• THE DATA:
::::

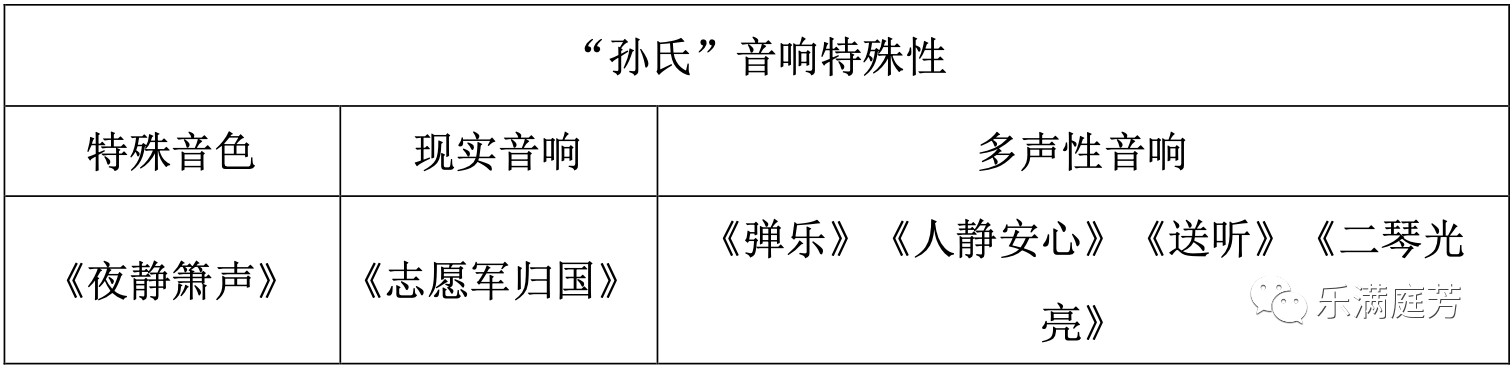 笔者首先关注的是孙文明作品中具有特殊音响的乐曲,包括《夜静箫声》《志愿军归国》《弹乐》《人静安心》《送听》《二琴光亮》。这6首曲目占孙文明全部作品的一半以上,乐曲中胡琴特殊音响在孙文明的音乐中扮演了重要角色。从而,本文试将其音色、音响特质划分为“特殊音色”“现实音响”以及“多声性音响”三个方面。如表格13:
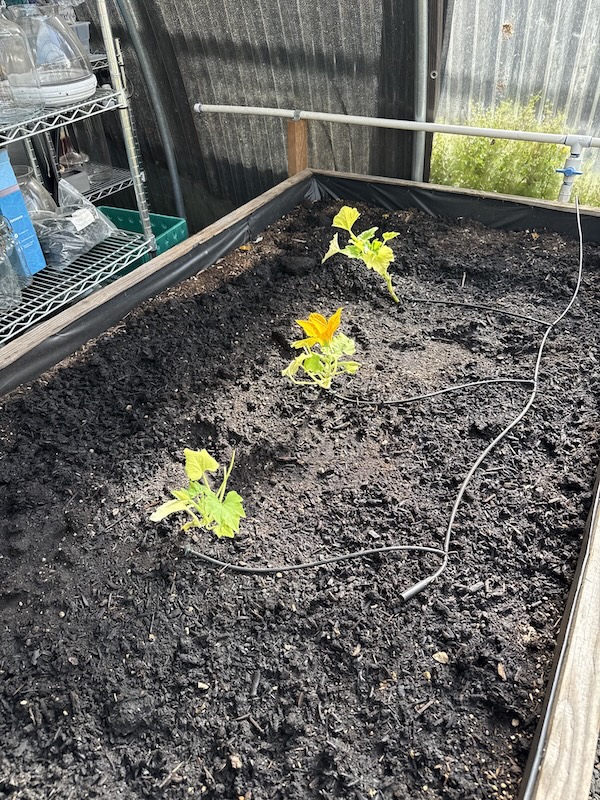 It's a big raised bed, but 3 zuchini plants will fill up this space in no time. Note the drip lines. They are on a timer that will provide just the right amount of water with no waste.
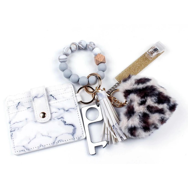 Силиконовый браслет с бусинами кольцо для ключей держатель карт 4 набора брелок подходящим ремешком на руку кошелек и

::::

• EXERCISE INSTRUCTIONS: Could the data above be returned in full, exactly, with every image left out?

• TASK RESULT:
 笔者首先关注的是孙文明作品中具有特殊音响的乐曲,包括《夜静箫声》《志愿军归国》《弹乐》《人静安心》《送听》《二琴光亮》。这6首曲目占孙文明全部作品的一半以上,乐曲中胡琴特殊音响在孙文明的音乐中扮演了重要角色。从而,本文试将其音色、音响特质划分为“特殊音色”“现实音响”以及“多声性音响”三个方面。如表格13:
 It's a big raised bed, but 3 zuchini plants will fill up this space in no time. Note the drip lines. They are on a timer that will provide just the right amount of water with no waste.
 Силиконовый браслет с бусинами кольцо для ключей держатель карт 4 набора брелок подходящим ремешком на руку кошелек и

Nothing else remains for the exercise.